Sweet Potato and Black Bean Quesadillas
Ingredients
300g McCain Frozen Sweet Potato Chunks
200g Canned Black Beans, Drained and Rinsed
1 Cup Shredded Cheddar Cheese
4 Large Flour Tortillas
1 Teaspoon Ground Cumin
1/2 Teaspoon Chili Powder
Salt And Pepper to Taste
Olive Oil (For Cooking)
Directions
Total Time: 20 minutes
Serving Size: 4 quesadillas
- Steam the McCain Frozen Sweet Potato Chunks according to the package instructions until tender.
- In a bowl, mash the steamed sweet potato chunks with a fork.
- Add the drained black beans, ground cumin, chilli powder, salt, and pepper to the sweet potato mash. Mix well to combine.
- Lay out a flour tortilla and spread a quarter of the sweet potato and black bean mixture on one half.

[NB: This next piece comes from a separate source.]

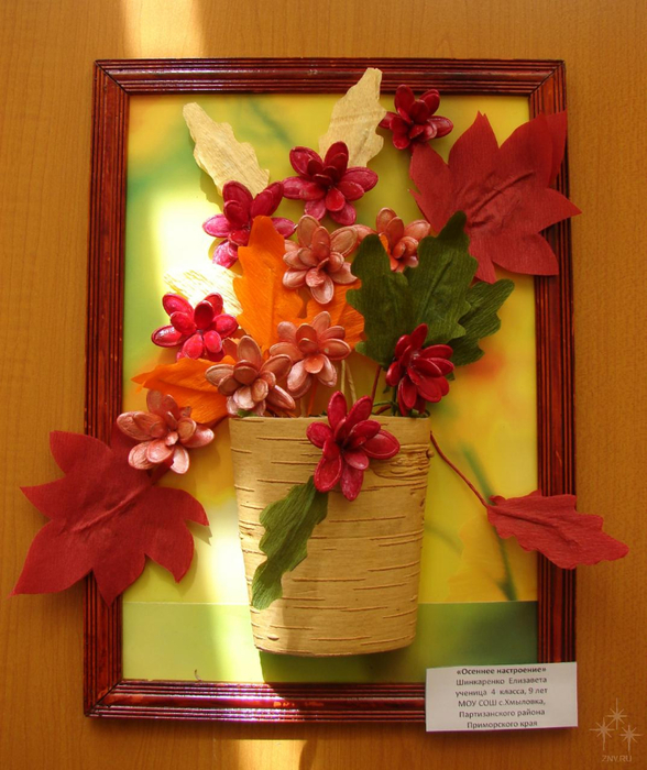 Дерево из тыквенных семечек – поделка Тыквенные семечки пользуются не меньшей популярностью при создании детских поделок, нежели их сородичи из подсолнуха. Сегодня предлагаем вам некоторые идеи по созданию деревьев из этого материала с использованием разных техник. |

- Sprinkle a quarter of the shredded cheddar cheese on top of the mixture.
- Fold the tortilla in half to enclose the filling.
- Repeat the process with the remaining tortillas and filling.
- Heat a non-stick pan over medium heat and add a drizzle of olive oil.
- Cook each quesadilla for 2 - 3 minutes on each side until the tortilla is golden and the cheese is melted.
- Slice each quesadilla into wedges and serve warm.